Authentication
All authenticated endpoints use API key authentication via the Authorization header.
Passing your API key
Include your API key in the Authorization header with the Api-Key prefix:
Authorization: Api-Key your_api_key_here
curl https:/.homedata.co.uk/api/properties/100023336956/ \
-H "Authorization: Api-Key your_api_key_here"
⚠️ Important
- • Use
Api-Keyprefix — notBearer - • Some endpoints (like EPC Checker) work without authentication
- • API keys are tied to your organisation, not individual users
Alternative: query parameter
For testing or environments where custom headers are difficult, you can pass your key as a query parameter:
https:/.homedata.co.uk/api/properties/100023336956/?api_key=your_api_key_here
⚠️ Query parameter auth is not recommended for production — keys may appear in server logs and browser history. Use the header method in production code.
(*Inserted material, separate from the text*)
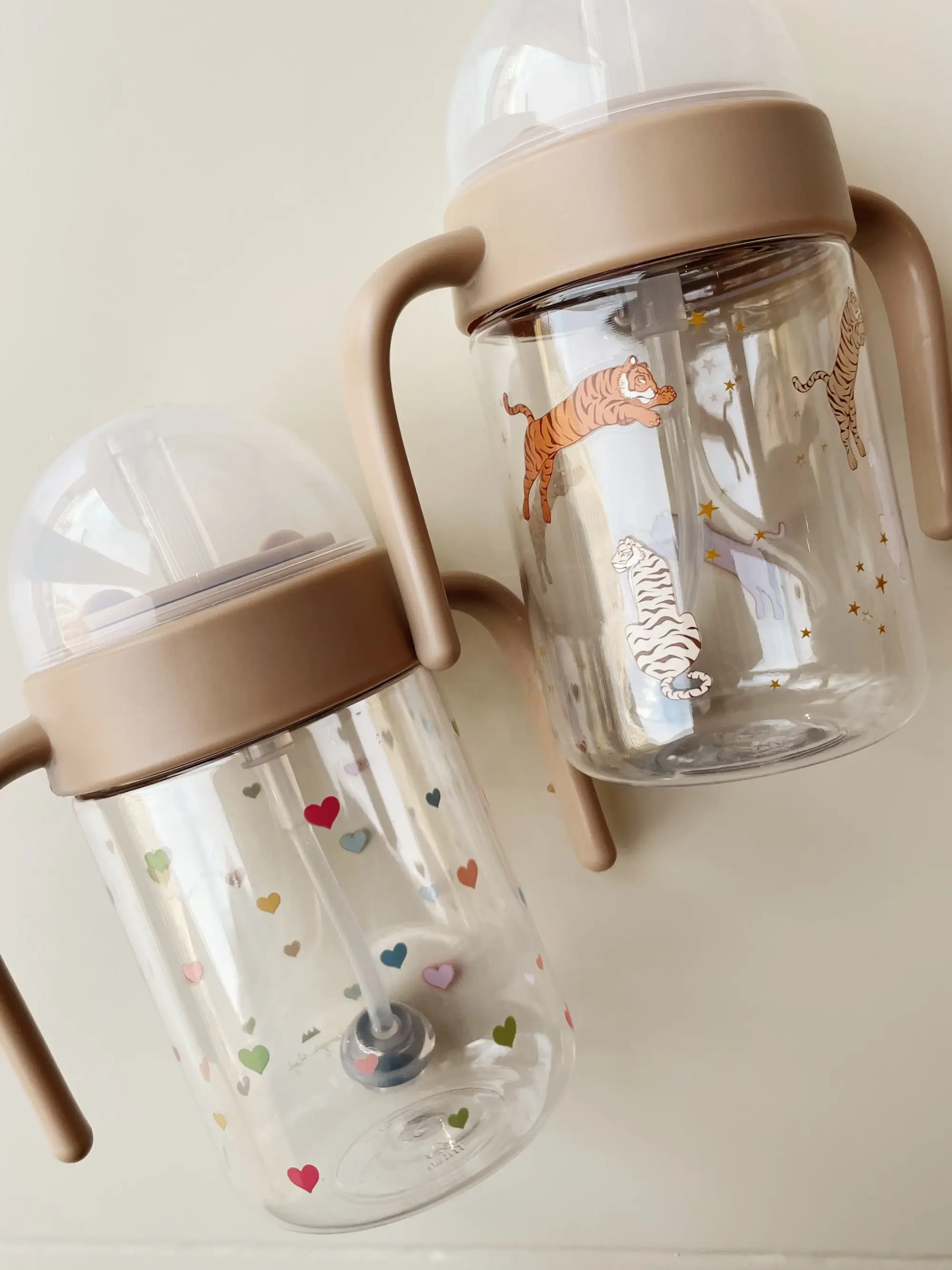 Butelka ze słomką i uchwytem naturalnie pasującym do małych rączek

Open endpoints (no auth required)
Some endpoints are publicly accessible without an API key. These are ideal for testing your integration:
| Endpoint | Description |
|---|---|
| GET /api/epc-checker/{uprn}/ | EPC energy performance data |
| GET /api/address/find/?q={query} | Address search (typeahead autocomplete) |
| GET /api/address/postcode/{postcode}/ | All addresses at a postcode |
| GET /ping | Simple health check (returns "pong") |
| GET /health | Detailed health with DB + ES status |
Rate limits by plan
Each plan includes a monthly request allowance and per-second rate limit:
| Plan | Price | Monthly requests | Rate limit |
|---|---|---|---|
| Free | £0 | 100 | 2/sec |
| Starter | £19/mo | 2,000 | 5/sec |
| Growth | £49/mo | 10,000 | 10/sec |
| Pro | £149/mo | 50,000 | 20/sec |
| Scale | £349/mo | 200,000 | 40/sec |
| Enterprise | Custom | Unlimited | Custom |
Limits reset at the start of each billing period. View full pricing →
Rate limit response headers
Every authenticated response includes these headers:
| Header | Example | Description |
|---|---|---|
| X-RateLimit-Limit | 2000 | Monthly allowance |
| X-RateLimit-Remaining | 1847 | Requests remaining this period |
| X-RateLimit-Reset | 1711929600 | Unix timestamp when limit resets |
Security best practices
Store keys in environment variables
Never hardcode API keys. Use .env files or your platform's secret management.
Use server-side calls only
Don't expose your API key in browser JavaScript, mobile apps, or public repositories.
Revoke compromised keys immediately
Use the Developer Dashboard to revoke a key if it's exposed. You can generate a new one instantly.
Add .env to your .gitignore
Prevent accidental commits of your API key to version control.